Saturday, July 17, 2010

Now We're Getting Somewhere


Round two of the Kamut Levain. I did everything exactly the same, except for one thing: during the bulk fermentation stage (when one lets the dough rise for about four hours) I did two "letter fold turns." This involves dumping the dough out, stretching it into a rectangle, folding it in thirds, and returning it to the rising container. My internet research assured me that this would lead to better oven spring, and the internet was right. The oven spring was nice, and the crust color better, and I swear the bread tastes better too. So: letter fold turns. Not a dispensable step.

Friday, July 16, 2010

Kamut Levain


This is the Kamut Levain from Local Breads. It is extremely delicious; my spouse declared it my best yet and the best bread he's ever had. He's a man who is generous with his praise, but still; I'm pleased. The only thing is that it had pathetic oven spring, and I don't know why. Over-proofing? Flour without pep? I know the levain itself is nice and active, so I guess I'll just keep playing. I've reached the beginner's plateau where I've stopped being delighted when the bread works at all and have started to worry about how to make it work *right.* Good thing wrong bread tastes so good.

Sunday, July 11, 2010

Whole Wheat Chia Seed Sourdough

This bread shows both how much I don't yet know about making bread, and how totally forgiving and rewarding a learning process bread making is. I followed (I use the word loosely) this recipe. I was interested because I'd had a bag of chia seed in my fridge for about six months; I bought it and then never figured out how to use it. It turns out that chia seed can absorb incredible amounts of water, and turns into a gel; added to bread dough, this results in a lot of moisture and nice flavor. Because I was winging things I ended up with a lot more water in my dough than I meant to have, and I clearly have no idea how to shape or slash a wet dough. Hence the blobular batards I ended up with. But so what? They taste wonderful.

Thursday, July 8, 2010

Whole Wheat Mash Bread II

My first sub-par loaf of bread! Two things changed: I used a new brand of flour, and I only used half the starter I was supposed to. The problem is undoubtedly the second of those things, and basically what happens when one bakes on too little sleep. Bakes half-baked, so to speak. Never mind; even sub-par bread is still pretty good.
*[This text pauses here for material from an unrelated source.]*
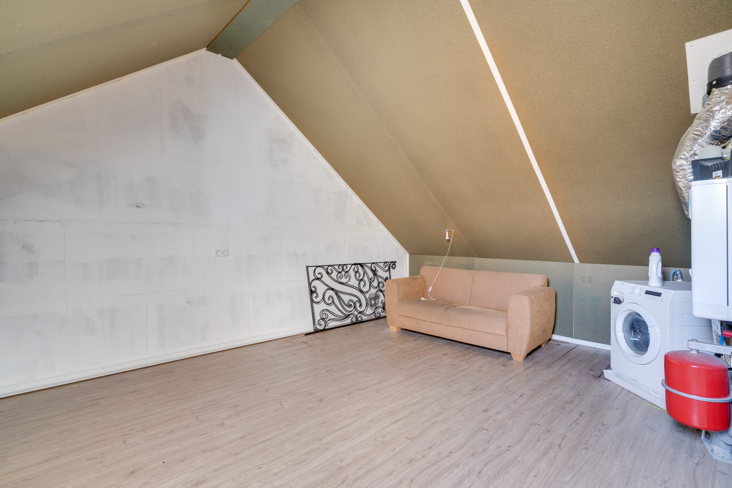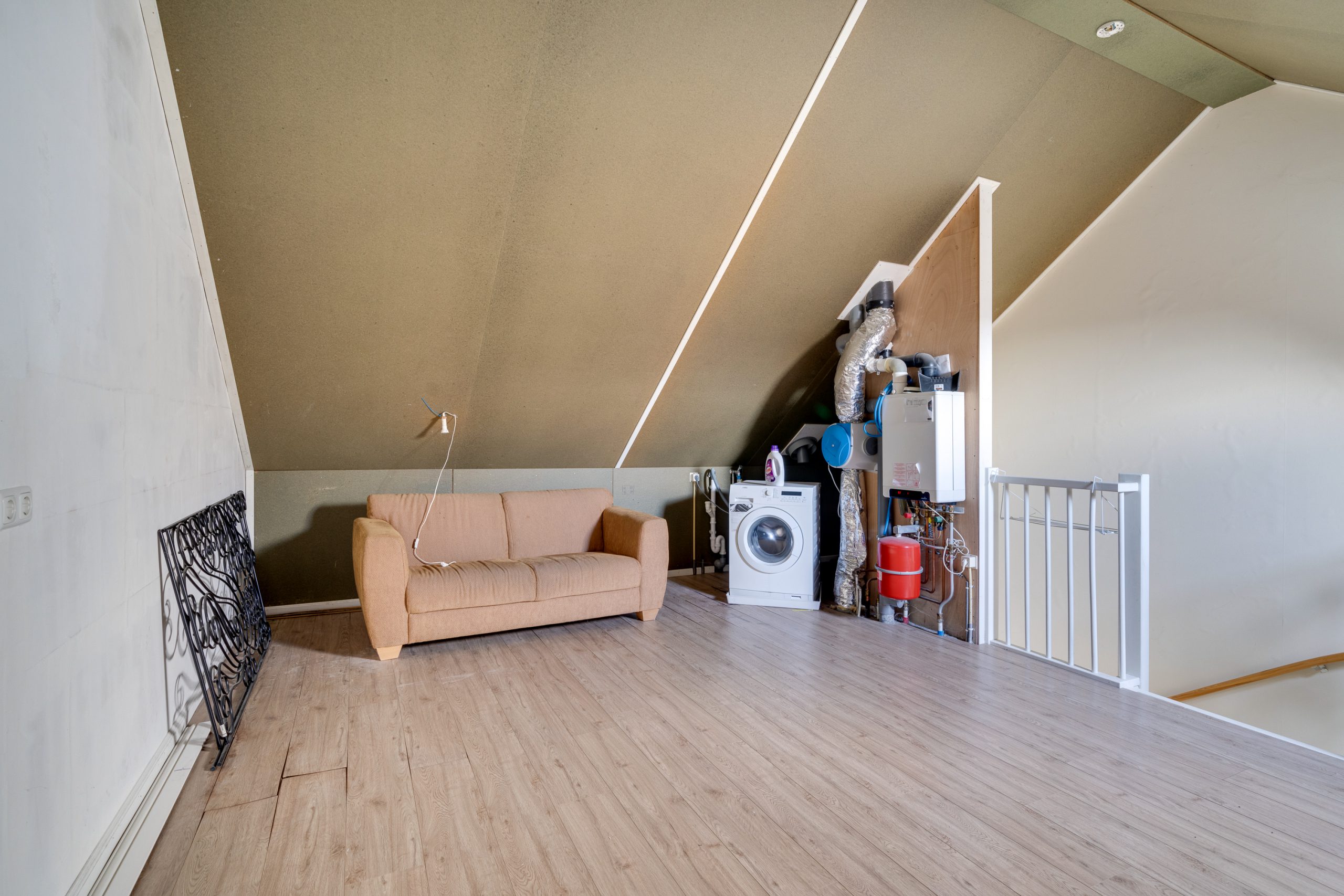2e verdieping: Bergzolder voorzien van extra bergruimte in schuinte, wasmachine aansluiting, ventilatieunit en een CV ketel (Intergas uit 2011). De gehele verdieping is voorzien van laminaatvloer.

We had it last night with grilled hake and a salad of tomatoes, cucumbers, and red onions.

Sunday, June 20, 2010

Whole Wheat Mash Bread


This is my first recipe from Peter Reinhart's Whole Grain Breads. It is also my first use of a "mash" in bread baking: a mash is a gelatinized mass of flour that has been hydrated and kept warm for a few hours until various enzymatic activities have had time to do their work. The bread also uses a nice big bit of starter. Let me tell you something: this is a crazy good loaf of bread, and you would never guess it's entirely whole wheat (a good thing). The color balance is off in the top photo; it is much more golden than it appears here (as you can see in the bottom photo).

Happy Father's Day!


We celebrated with homemade English muffins. I found the recipe here: http://www.thefreshloaf.com/handbook/whole-wheat-sourdough-english-muffins. The dough was very wet and (for me) kind of hard to work with, but it didn't matter. As usual, no matter how many things I did wrong, the end result was delicious for this starter-raised bread.